Sonra hepsi onu son kez görmek için bir ağaca tırmandılar ve o yükseklikten onu ve gölgesinin giderek küçülmesini izlediler, ta ki gözden kaybolana kadar.
General Sadamitsu, Kintaro gibi bir dahiyi beklenmedik bir şekilde bulduğu için sevinerek yoluna devam etti.
Gidecekleri yere vardıklarında General, Kintaro’yu hemen Efendi Minamoto-no-Raiko’ya götürdü ve ona Kintaro hakkında her şeyi ve çocuğu nasıl bulduğunu anlattı. Efendi Raiko bu hikâyeye çok sevindi ve Kintaro’nun kendisine getirilmesini emrederek onu hemen tebaasından biri yaptı.
Efendi Raiko’nun ordusu “Dört Cesur” adlı birliğiyle ünlüydü. Bu savaşçılar, askerlerinin en cesurları ve en güçlüleri arasından kendisi tarafından seçilirdi ve bu küçük ve iyi seçilmiş grup, adamlarının korkusuz olmaları nedeniyle tüm Japonya’da ün salmıştı.

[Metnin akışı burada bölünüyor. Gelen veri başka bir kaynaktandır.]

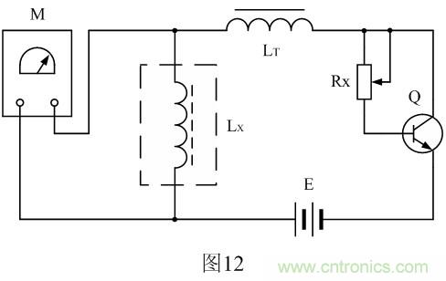 在圖11中,E為穩(wěn)壓電源,Rx為可調(diào)電阻,Q為晶體管大功率放大器(必須帶散熱片);調(diào)節(jié)穩(wěn)壓電源的輸出電壓,或改變可變電阻的阻值,就可以改變迭加電流的大小,但晶體管大功率放大器集電極與發(fā)射極之間的電壓降不要大于10V,否則,晶體管大功率放大器的損耗將很大。一般穩(wěn)壓電源都有電流輸出指示,所以在測(cè)試電路中不需要另外安裝電流表。

Kintaro büyüyüp bir erkek olduğunda efendisi onu Dört Cesur’un başına getirdi. İçlerinde açık ara en güçlüsü oydu. Bu olaydan kısa bir süre sonra şehre, yamyam bir canavarın çok uzak olmayan bir yere yerleştiği ve insanların korkuya kapıldığı haberi geldi. Efendi Raiko, Kintaro’nun yardıma koşmasını emretti. Kılıcını deneyeceği için çok mutlu olan Kintaro hemen yola koyuldu.
Canavarı ininde şaşırtan Kintaro, kısa sürede onun koca kafasını kesmeyi başardı ve zaferle efendisine geri götürdü.
Kintaro artık ülkesinin en büyük kahramanı haline geldi ve ona gelen güç, onur ve zenginlik büyüktü. Şimdi sözünü tuttu ve yaşlı annesi için rahat bir ev inşa etti, annesi de ömrünün sonuna kadar onunla birlikte Başkent’te mutlu bir şekilde yaşadı.
Bu büyük bir kahramanın öyküsü değil mi?